Contribution to new digital teaching project
The team behind IN THE SAME SEA recently received an invitation from the Caribbean Genealogy Library, St. Thomas (https://cgl.vi/), to contribute to their new project “Teaching Virgin Islands History using Original Sources.” We happily accepted.
The “Teaching Virgin Islands History using Original Sources” project will present sources that have historical or cultural significance to the U.S. Virgin Islands/Danish West Indies for use in classroom learning activities. The project has as its goal to provide enhanced access to sources for teachers and students related to U.S. Virgin Islands history. Most notably, this entails a focus on building the capacity of educators to work with digitized versions of sources, many of which are available online.
At IN THE SAME SEA, we decided to create a teaching package for students from 10th to 12th grade. Our overall aim was to provide primary source material that would allow students to engage with questions about racial slavery in the history of the United States Virgin Islands. Primary sources concerning the history of the United States Virgin Islands when they were under Danish rule are mostly in Danish. Therefore, we designed teaching assignments focused on paintings and maps, translated sources, and sources are written in English. The teaching package includes assignments dealing with slave legislation and punishment, racism, freedom and Christianity, legal practice and enslaved people’s gendered self-portraits, sugar production and estate work, runaway notices and maps.
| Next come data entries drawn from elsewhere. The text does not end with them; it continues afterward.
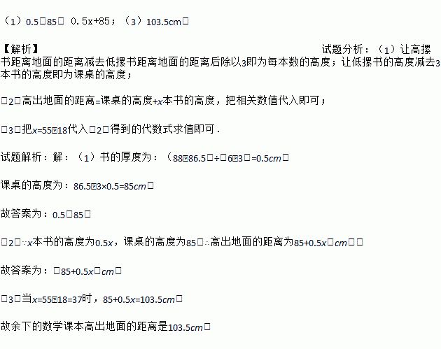 (3)桌面上有55本与题(1)中相同的数学课本,整齐叠放成一摞,若有18名同学各从中取走1本,求余下的数学课本高出地面的距离.
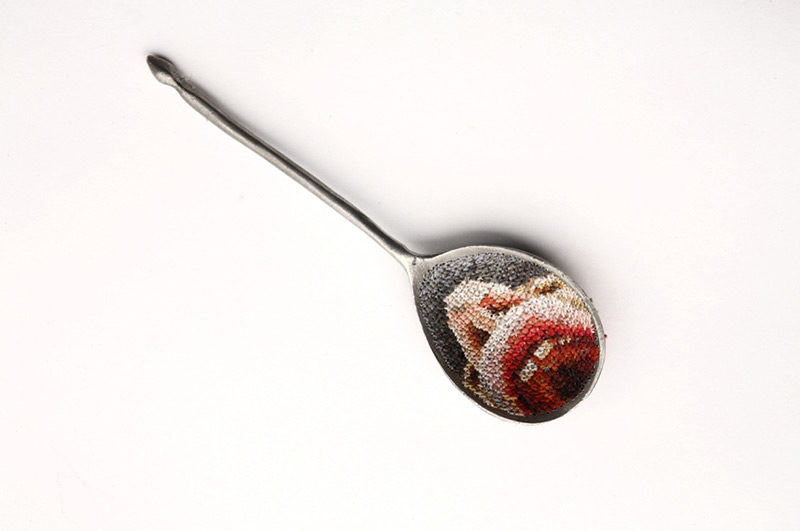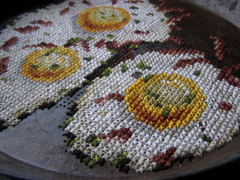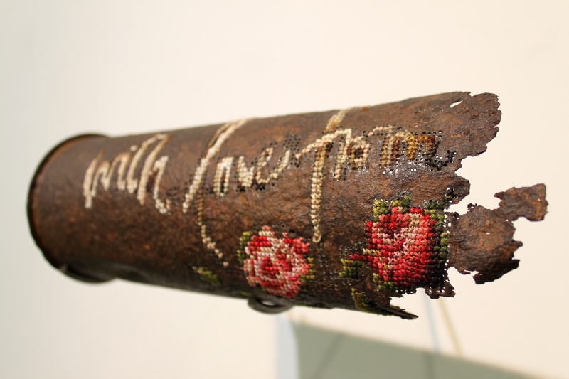 The embroidery works of Lithuanian artist Severija Inčirauskaitė-Kriaunevičienė takes texture to a new level. She takes metal as her starting point – buckets, spades, even cars – and stitches into them. Challenging the domestic association with embroidery, these found objects are placed into the public realm. The kitsch cosiness that Inčirauskaitė-Kriaunevičienė associates with cross-stitching is given a twist as she pokes through metal gives new life to discarded objects. She draws on a post-Soviet landscape in Lithuania in her work, as she writes on her website “in the postwar years, our grandmothers stitched tablecloths in the villages, and the paths were so decorated, and in the Soviet era, our mothers made crossed cushions and napkins through household lessons”. This intergenerational skill-sharing is then developed in her practice, to question sentimentality and access to embroidery practices. She doesn’t want to make “private kitsch for private interiors” but rather expose the work, patience and mindfulness that goes into the cross-stitch practice. Taking the floral designs from hobby magazines, these “popular culture citations” make us look back at the origins of the techniques. These established traditions recontextualise the objects they adorn – whether that’s on broken gun shells or metal spoons. Imbued with new use, these forgotten objects might tap into a nostalgic aesthetic but actually point us towards history in a new way.
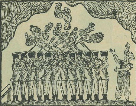 Kulturně-historicky zajímavé jest vyobrazení středověkých, až do XVII. století oblíbených panských zábav, honění do kroužku a kvintany. Zve r. 1816 na představení Bach, majitel cirkusu, na rozloučenou, s lichotivou poklonou Pražanům. Kromě jiného budou prý tu rytíři kopími, oštěpy, kordy a pistolemi bodati, sekati, házeti a stříleti na hlavy Turků
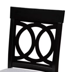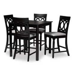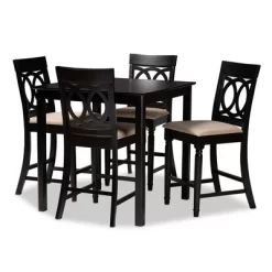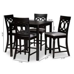 Elegant yet comfortable, the Verina 5pc pub set is a timeless addition to any space. Constructed from solid oak wood in an espresso finish, this pub set includes one table and four stools, each upholstered in a light polyester fabric that complements the dark wood finish. Padded with foam for the utmost comfort as you enjoy long dinners, each stool features a striking cut-out design on its back for enhanced visual appeal. Comfortable and stylish, the Verina set is sure to elevate any dining experience. The Verina 5pc pub set is made in Malaysia and requires assembly.
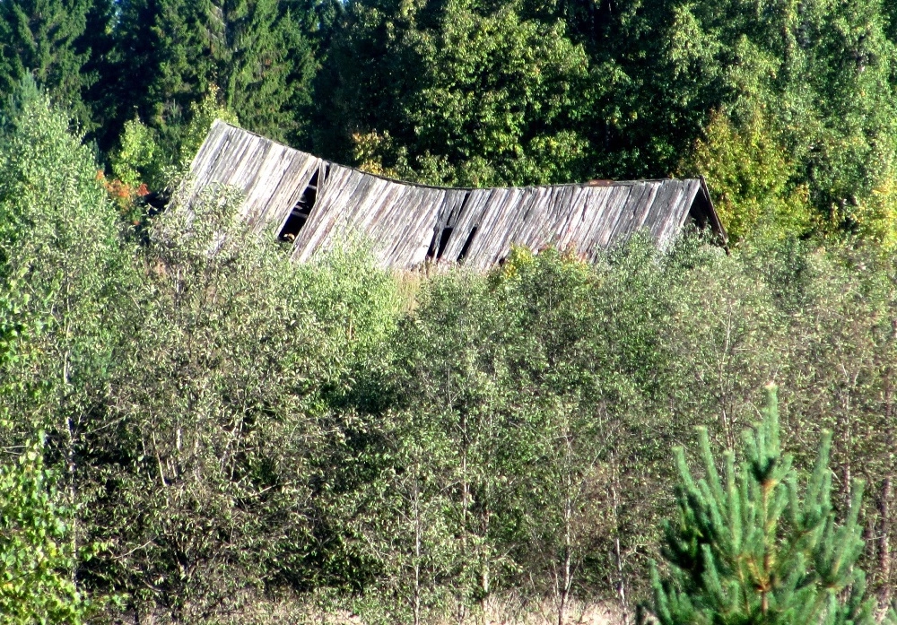 В глубине леса в некоторых местах видны остатки бараков, в которых жили заключённые, задействованные на строительстве Волго-Балтийского канала.
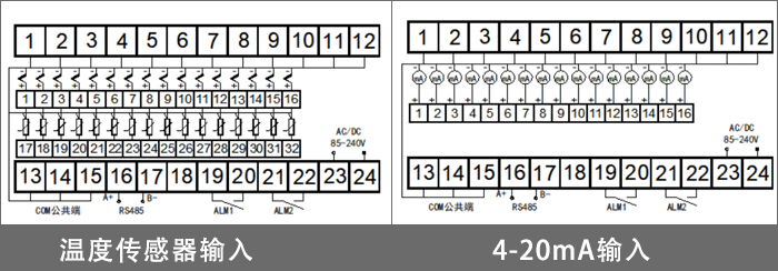 | 24 | DP1 | 通道1小數點 | 小數點位置 當輸入信號為溫度信號時:0-1 當輸入信號為4-20mA時:0-3 |
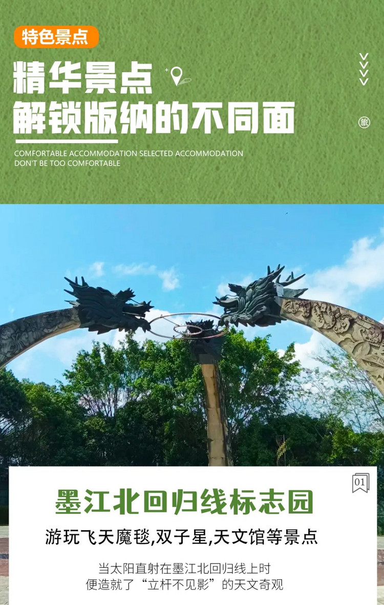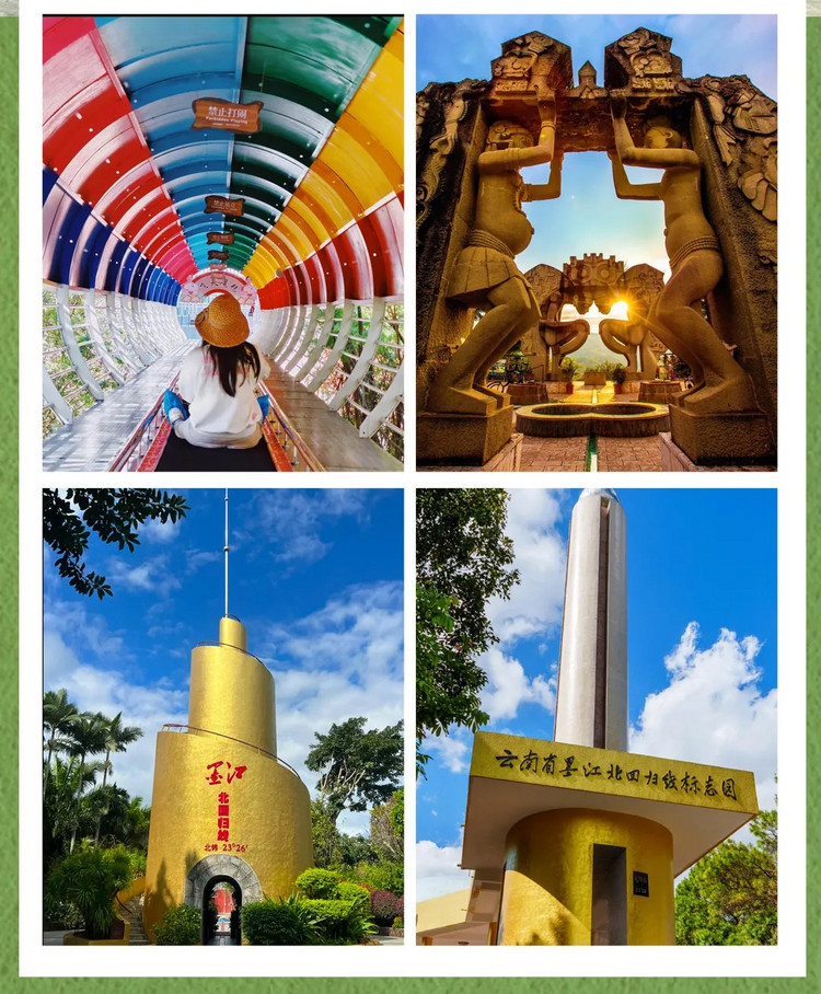 2、行程所列景点及门票:那柯里,墨江北回归线标志园+上行魔毯,普洱太阳河森林公园门票+电瓶车,景迈山、景真八角亭、般若寺、傣乡水城、中科院植物园,野象谷,西双版纳热带雨林,傣族园+电瓶车,曼听公园+总佛寺;

For instance, we asked students to compare a watercolour by Frederik von Scholten of the estate Morningstar on St. Croix from 1833 and the land tax register from the same year, which informs us that 97 enslaved people lived on the estate. The contrast between these two types of sources, we hope, will allow students to gain an impression of how they – as practising historians – can read sources up against each other and thereby gain new insights into the ways slavery was reproduced and resisted in the Danish West Indies.